Elizabeth why would you leap to that assumption?? Man goes out on Boxing Day = having an affair?? Madness. I don't really see the problem to be honest, all he's done is chance the day. He's at home on the 27th rather than the 26th. It being Boxing Day doesn't mean there's an unwritten rule that he has to be at home. And as his friends had changed the day they were going out his options would be to go out with them on Boxing Day or not to go out at all, therefore I think you are being unreasonable I'm afraid. Have a nice evening together this evening instead.
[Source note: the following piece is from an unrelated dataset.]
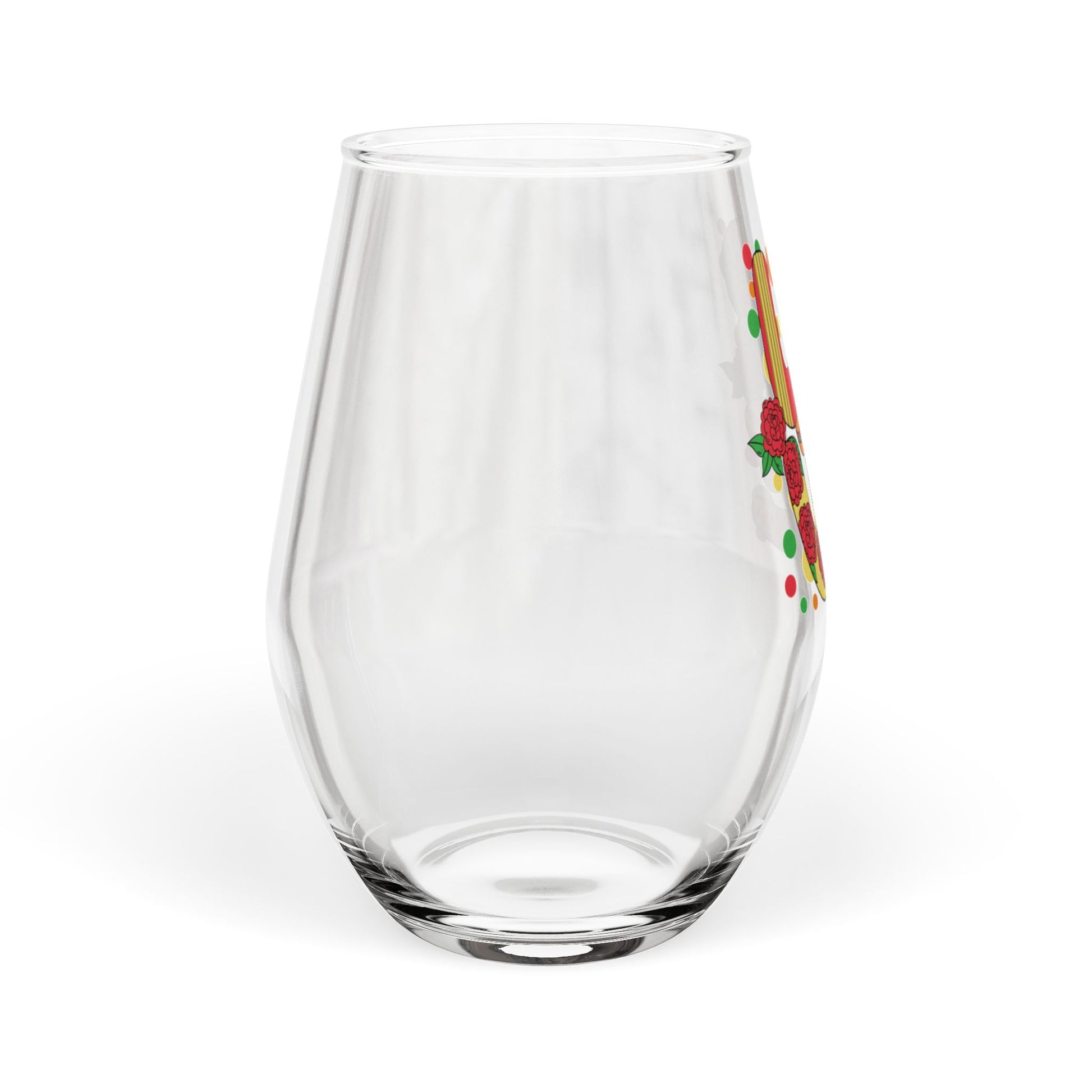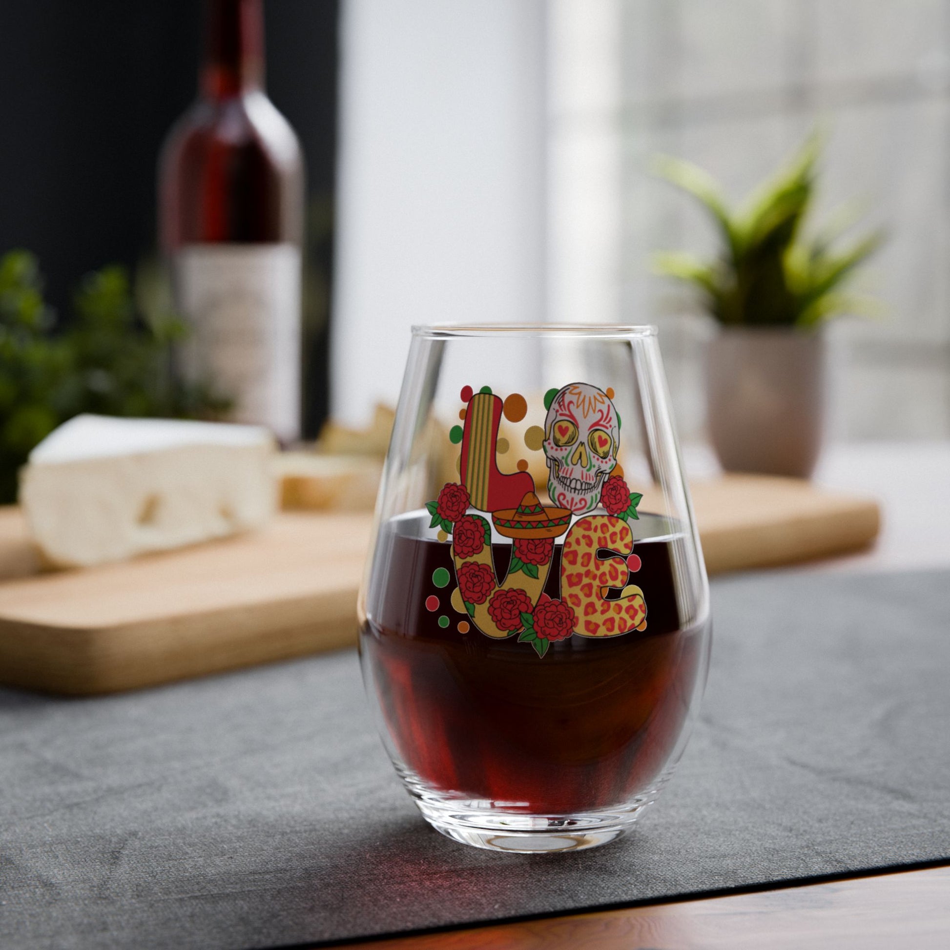 Celebrate love with a bold, romantic twist! Our Love Sugar Skull Stemless Wine Glass features a vibrant heart-shaped “LOVE” design filled with roses, a festive sombrero, and a colorful sugar-skull motif. This playful yet stylish glass is perfect for Valentine’s Day, anniversaries, weddings, or Día de los Muertos celebrations.

ElizabethHoover Sat 27-Dec-14 11:06:47

What leads me to that idea? MANY threads on here!

ElizabethHoover Sat 27-Dec-14 11:07:31

it wouldnt be the first time other woman said ' well at least stay over Boxing Day night"

lizzie867 Sat 27-Dec-14 11:08:02

Oh, i ignored the affair comment! I dont wanna leave, things have been dificult for a year and we are working really hard at putting them right. The issue is we planned to have boxing day night in together with a film and baked cheese and at the last minute he went out. It was by this time to late for me to make plans so the consequence was also i was left home alone.